Back to distributed sample overview
This layer is a small HTTP API in front of a Redis-like cache. RTMSManager code can call it during a live stream without knowing whether the backing cache is Redis, Valkey, a managed Redis service, or in-memory mode for tests.
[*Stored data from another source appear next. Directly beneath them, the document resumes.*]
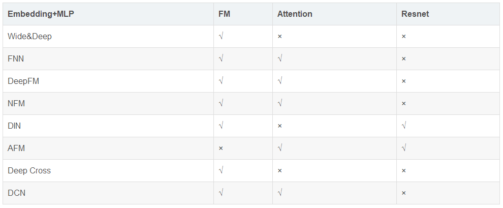 本文从开篇就说明这些模型推演的核心思路是“通过设计网络结构进行组合特征的挖掘”,其在各个模型的实现方式如下: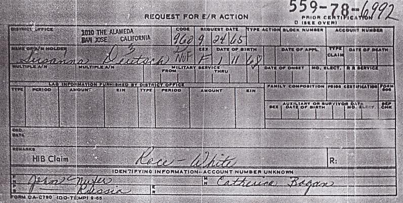 I requested an SS-5 form from the Social Security Administration for Susanna Nufer Deutsch. They sent me this OAC-790 form instead stating this was the only document available. This form is completed when a claim for benefits is filed and contains the same information as the form SS-5. The major data reflected here is: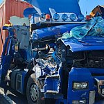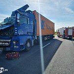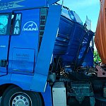 Mandatem w wysokości 1100 złotych został ukarany kierowca ciągnika siodłowego MAN, który zagapił się i na krajowej 12 najechał na tył stojącego w korku DAF-a.
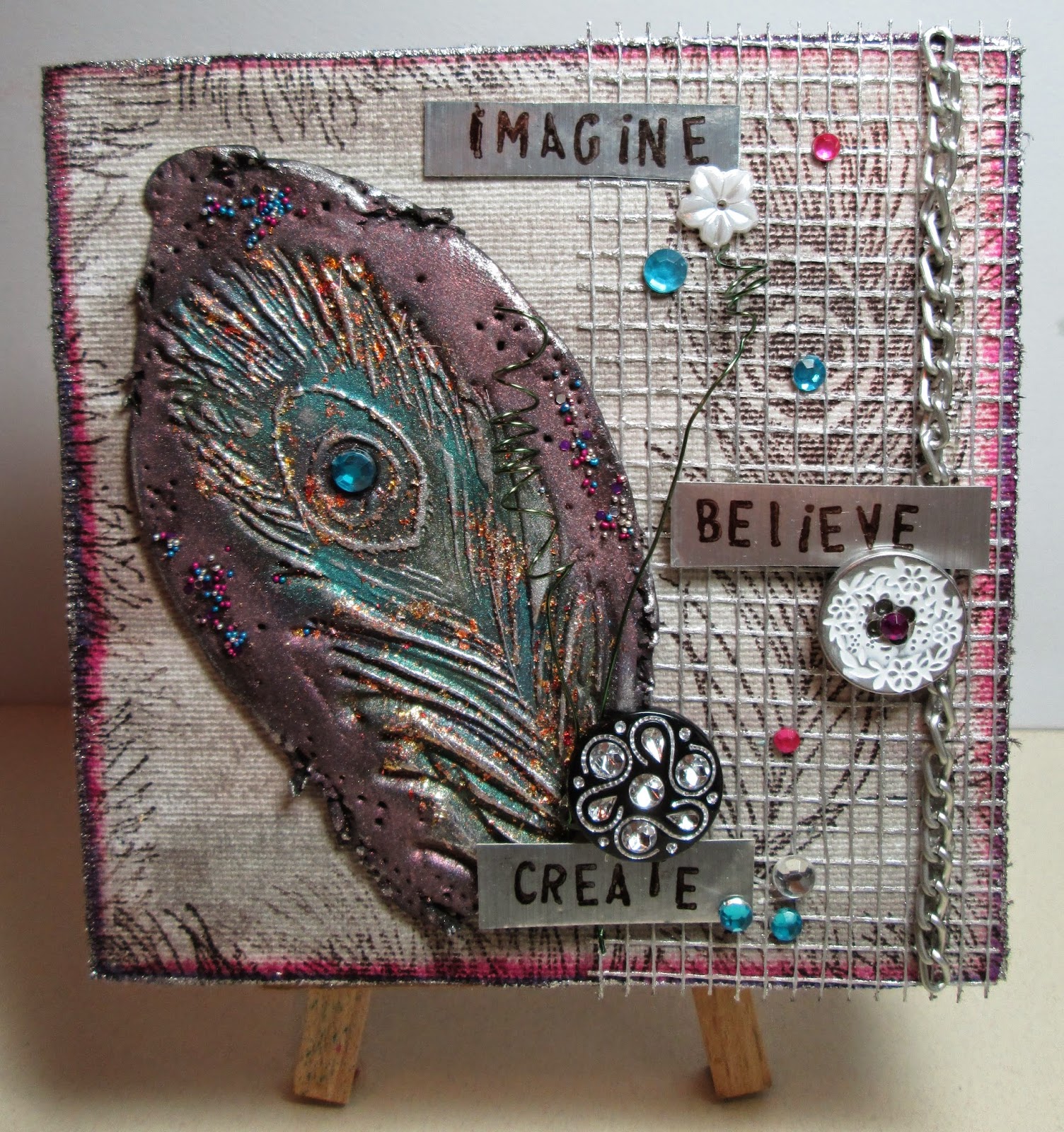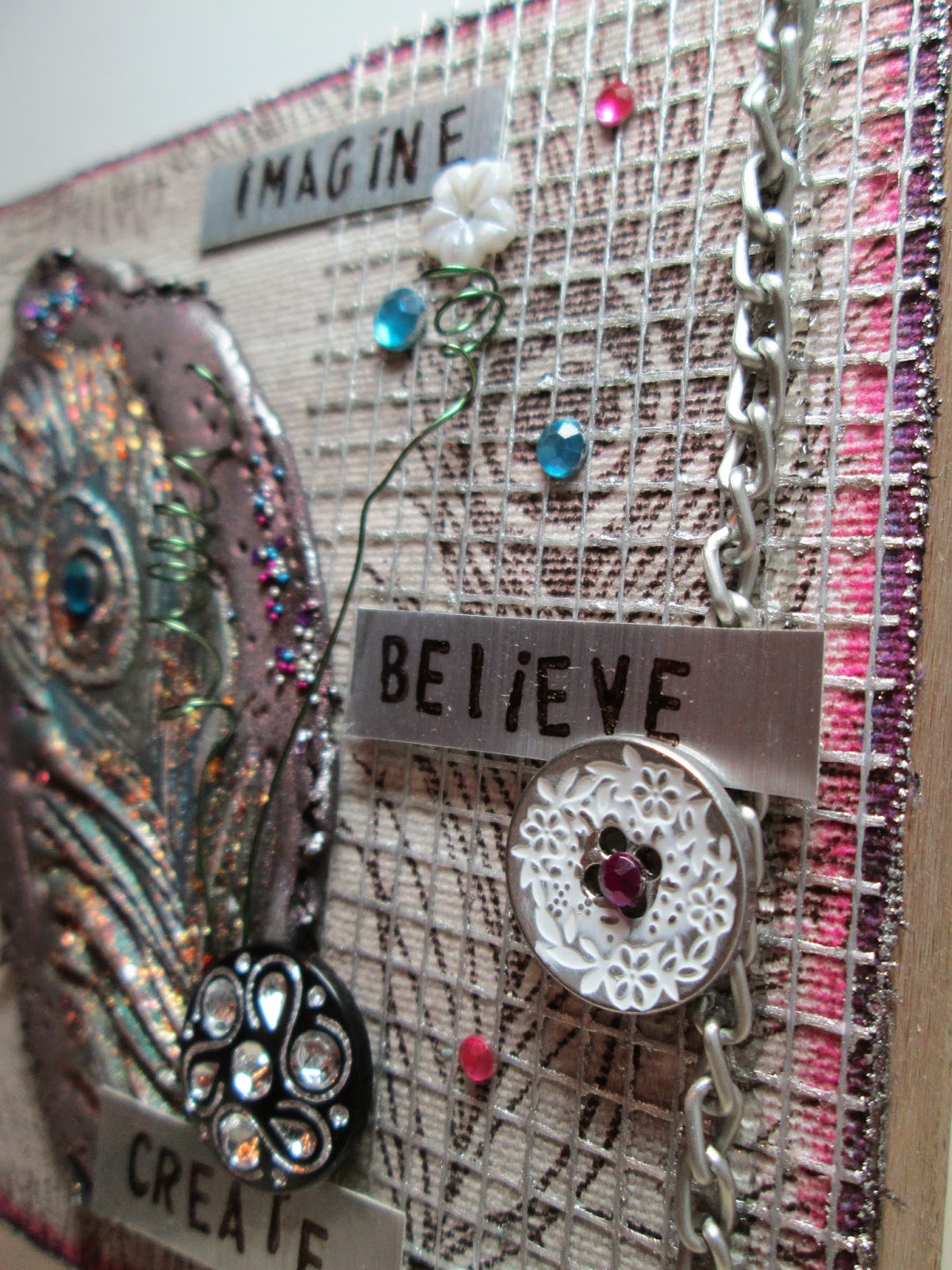 For the background to my clay piece I stuck a piece of sticky back canvas onto the wooden block and coloured with pumice stone and milled lavender distress stains, then ran picked raspberry and seedless preserve and touch of Treasure Gold (silver) around the edges. I stamped the feather in Stazon 'ganache' (love this colour - just a bit softer than black) and added more shiny things ! The words are stamped in Stazon (yep Ganache!!) onto strips of silver card. This is so far outside of what I normally create and I've loved doing it !! Thanks for stopping by - Happy Crafting....Esther xx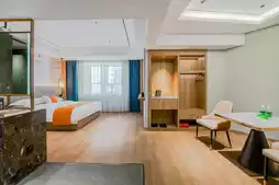 The hotel is built to three-star standards, with a spacious and bright lobby featuring warm yellow lighting and wooden decor that immediately puts you at ease. The front desk staff are very welcoming. We stayed in a business king room, which was spacious with soft bedding that instantly relieved the fatigue of exploring the ancient temple. The bathroom had a separate wet and dry area, complete toiletries, and even a high-power hairdryer, perfect for drying long hair.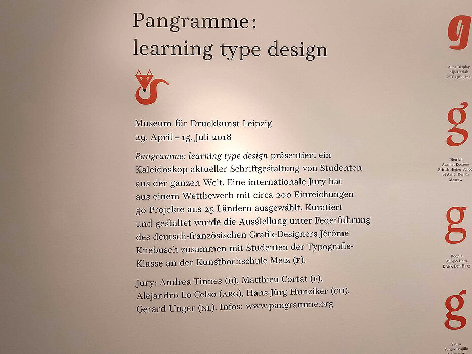 Am 27. April 2018 fand die Vernissage zur Ausstellung Pangramme: learning type design im Museum für Druckkunst in Leipzig durch einen Einführungsvortrag von Jérôme Knebusch statt.
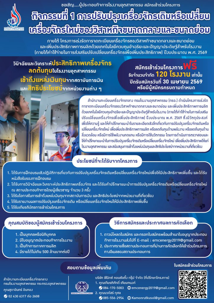 ขอเชิญผู้ประกอบกิจการโรงงานอุตสาหกรรม สมัครเข้าร่วมโครงการการปรับปรุงเครื่องจักรเดิมหรือเปลี่ยนเครื่องจักรใหม่ของวิสาหกิจขนาดกลางและขนาดย่อม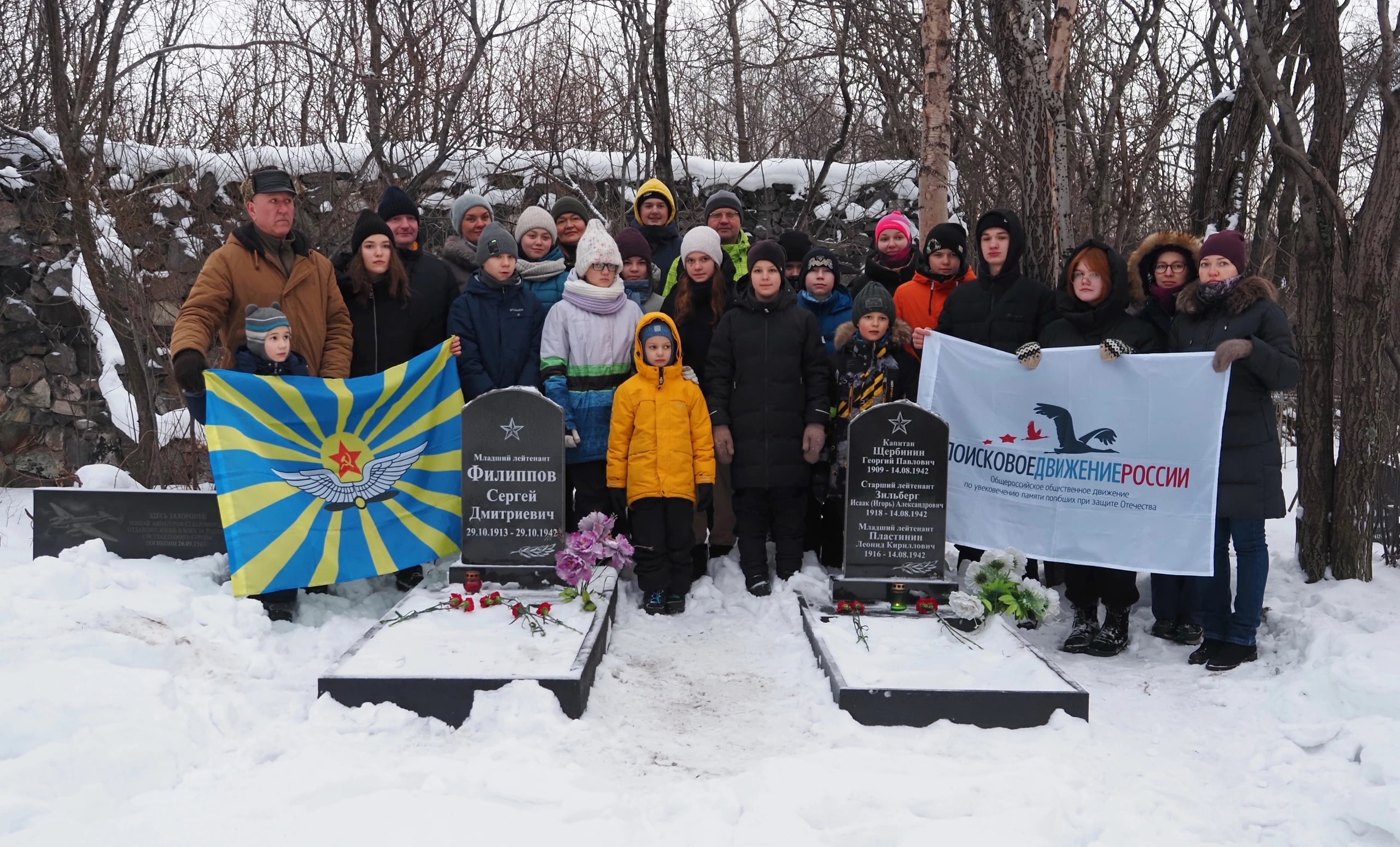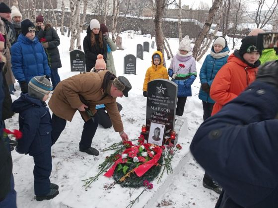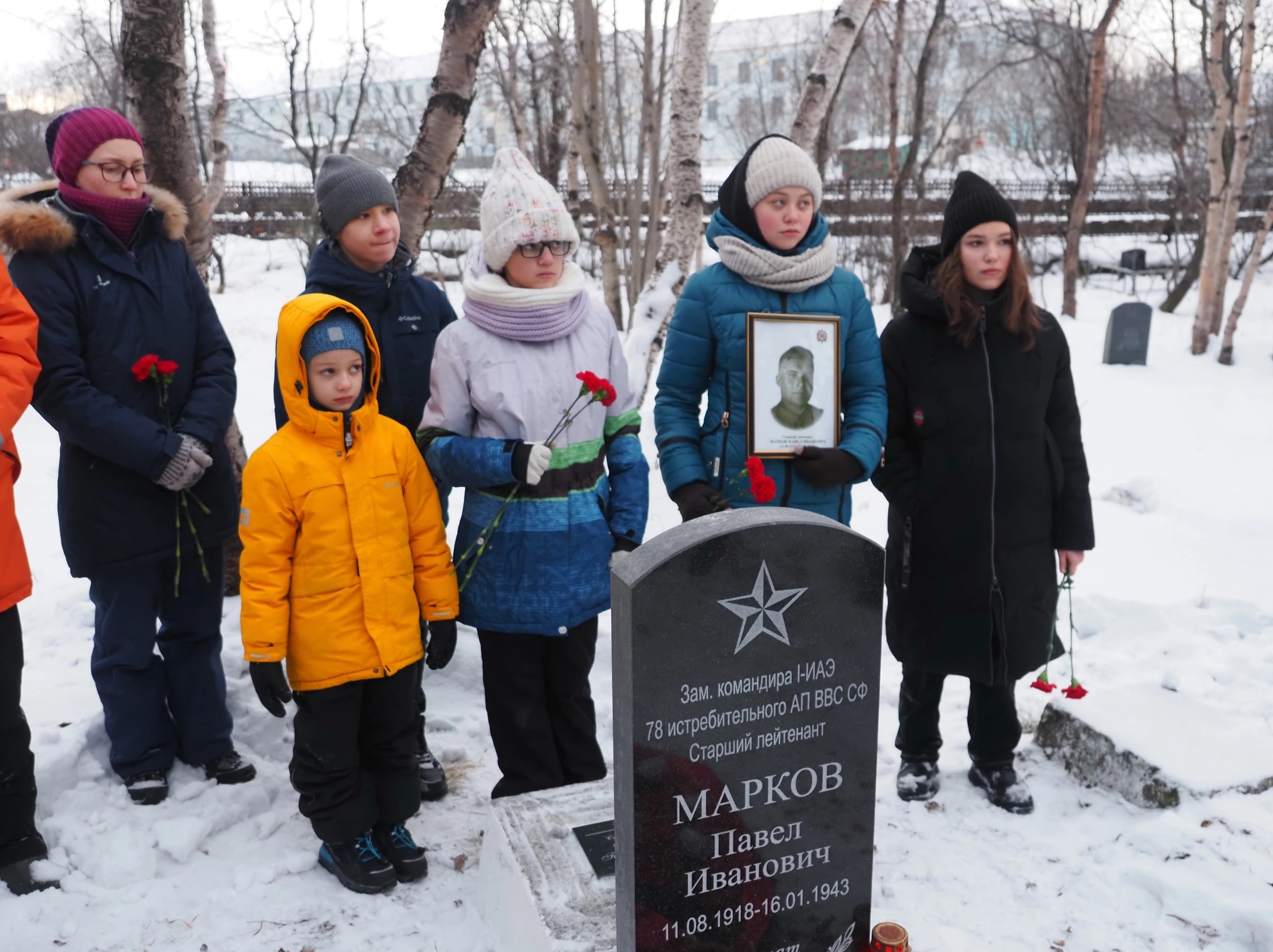 Североморский поисковый отряд «Ваенга», Североморский Городской Школьный Поисковый Отряд, поисковая группа МБОУ СОШ №11 почтили памяти летчика на Городском мемориальном кладбище.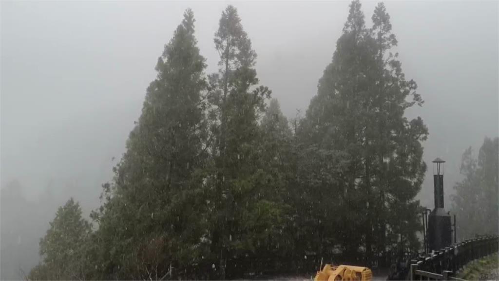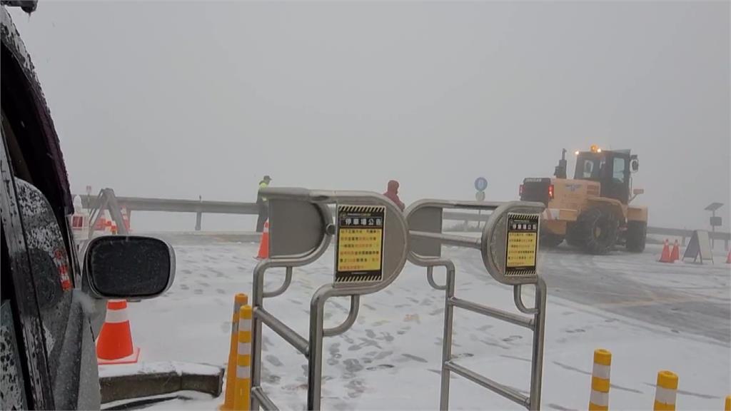 合歡山一早下起冰霰、冰雹,公路局出動鏟雪車清理路面積雪。圖/台視新聞隨著大陸冷氣團持續發威,松雪樓、武嶺停車場一帶都明顯降下冰霰,山上也早有不少民眾不畏寒冷天氣,開車上山前來追雪並拍照留念,不過低溫也讓道路結冰,公路局上午8點起,針對台14甲線昆陽到大禹嶺路段,實施限加掛雪鏈通行,也已出動黃色鏟雪車清除路面積雪,全力維持道路安全,籲請上山追雪的民眾務必配合管制。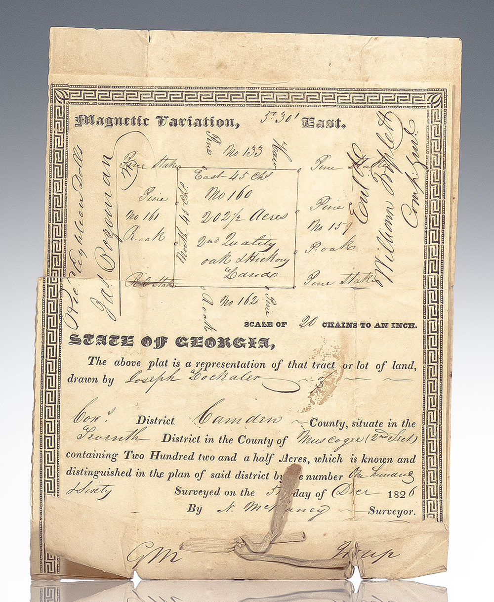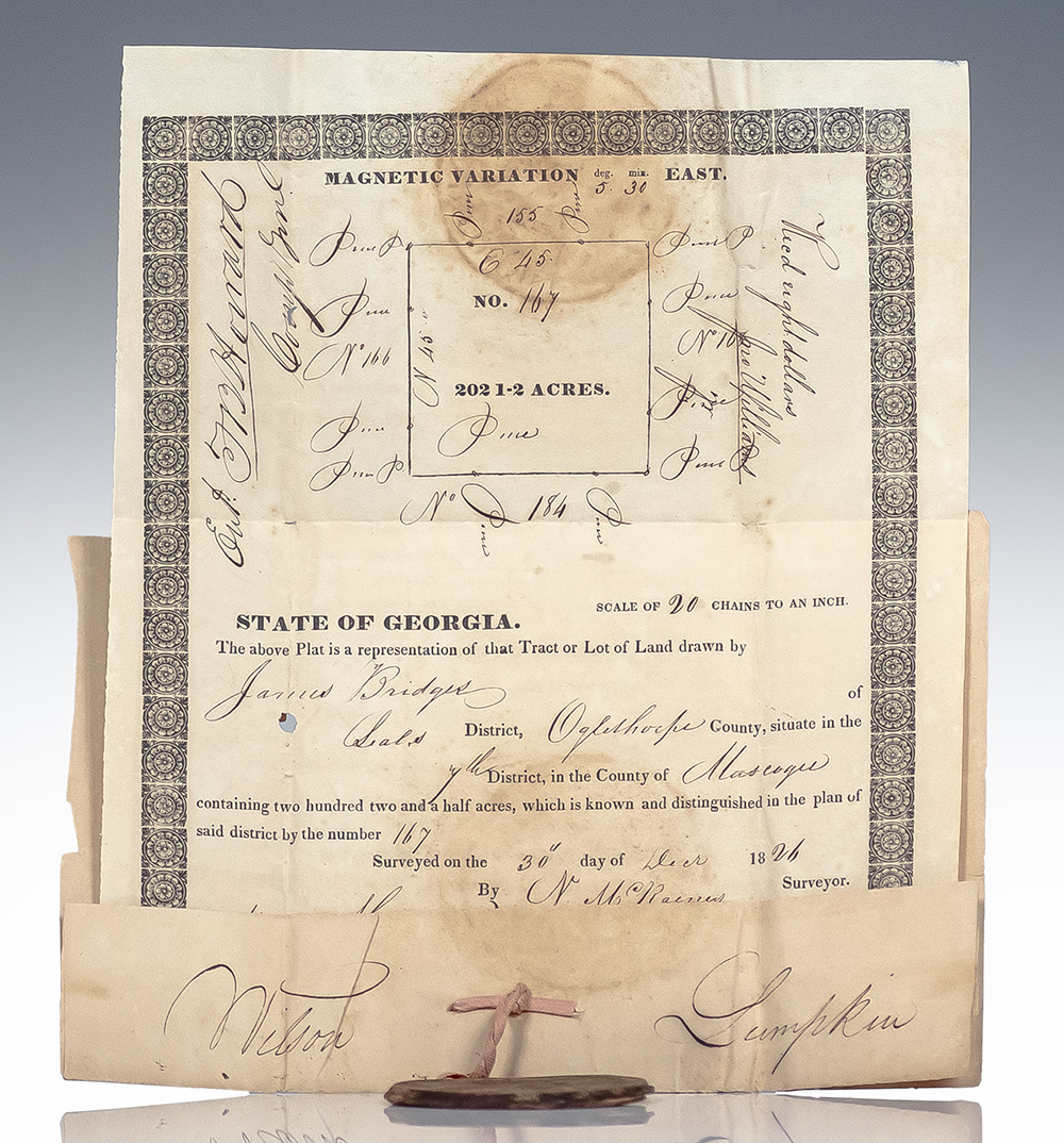 Four rare 19th century Creek Indian land surveys and lottery winning land grants signed by 3 different Georgia Governors. Octavo, eight pages partially printed and accomplished in manuscript, the collection includes: grant for land lot 156 in Muscogee County, Georgia, surveyed in 1826 and granted in 1832 to David Maw, signed by Wilson Lumpkin at the bottom edge, official wax seal attached by a pale red ribbon; grant for land lot 167 in Muscogee County, Georgia, surveyed in 1826 and granted in 1832 to James Bridges, signed by Wilson Lumpkin at the bottom edge, official wax seal attached by a pale red ribbon; grant for land lot 160 in Muscogee County, Georgia, surveyed in 1826 and granted in 1827 to Joseph Lockaler, signed by Georgia Governor George M. Troup at the bottom edge, tied with a pale red ribbon but missing the official wax seal; grant for land lot 166 in Muscogee County, Georgia, surveyed in 1826 and granted in 1830 to Widow Martha Sayer, signed by Governor George Gilmer at the bottom edge, official wax seal attached by a pale red ribbon. In very good condition with some toning, a few closed tears. The pieces measure approximately 9.75 inches by 8 inches.

It is for active-meeting views only:
- live summary snapshots
- transcript tails
- participant snapshots
- active stream state by region
- node health snapshots
- latency, reconnect, media-byte, and media-gap counters
- lowest, highest, and average latency for selected measurements
- dashboard data for current calls
It is not the source of truth after the meeting. Durable state belongs in the control store, and media bytes belong in artifact storage.
Memory mode:
REALTIME_CACHE_BACKEND=memory npm run start:realtime-cacheRedis mode using the local Docker Redis service:
docker compose up -d realtime-cache
REALTIME_CACHE_BACKEND=redis \
REALTIME_CACHE_REDIS_URL=redis://127.0.0.1:6379 \
REALTIME_CACHE_REDIS_PASSWORD="$REDIS_PASSWORD" \
npm run start:realtime-cacheDefault service URLs:
API: http://127.0.0.1:4560
Dashboard: http://127.0.0.1:4560/dashboard
Metrics: http://127.0.0.1:4560/metrics
curl -X POST http://127.0.0.1:4560/streams/stream-123/state \
-H 'content-type: application/json' \
-d '{"state":"connected","regionCode":"amer-east","nodeId":"iad-node-1"}'
curl -X POST http://127.0.0.1:4560/streams/stream-123/metrics \
-H 'content-type: application/json' \
-d '{"metrics":{"audio_bytes_total":4096,"video_bytes_total":8192}}'
curl -X POST http://127.0.0.1:4560/streams/stream-123/latency \
-H 'content-type: application/json' \
-d '{"name":"webhook_ingress_latency_ms","valueMs":120,"source":"centralized-webhook-hub","regionCode":"amer-east"}'
curl -X POST http://127.0.0.1:4560/streams/stream-123/summary \
-H 'content-type: application/json' \
-d '{"text":"Customer is asking about a billing issue","userName":"Alice"}'
curl http://127.0.0.1:4560/streams/stream-123The hub uses REALTIME_CACHE_URL to send accepted webhook ingress latency and rolling webhook counters, including rtms.concurrency_limited observations. The compute job uses REALTIME_CACHE_URL to send state, events, signaling ping RTT, and aggregated media metrics. It buffers media counters and flushes them every few seconds so it does not make an HTTP call for every media packet.
Current latency keys:
| Metric | Meaning |
|---|---|
webhook_ingress_latency_ms |
Zoom signed webhook timestamp to hub receive time |
signaling_ping_rtt_ms |
Regional RTMSManager worker to Zoom signaling WebSocket ping RTT |
Suggested keys stay readable:
rtms:stream:{streamId}
rtms:index:streams
rtms:index:regions
rtms:region:{regionCode}:streams
rtms:node:{nodeId}:health
Use TTLs aggressively so stale live state disappears after node failures:
REALTIME_CACHE_TTL_SECONDS=300
REALTIME_CACHE_STREAM_FRESHNESS_SECONDS=180
REALTIME_CACHE_MAX_EVENTS=100
GET /streams returns fresh/live streams only. Use GET /streams?include=all when debugging the raw cache contents.
Prometheus can scrape /metrics; Grafana can read Prometheus for active stream counts, metric sums, and latency min/max/average gauges.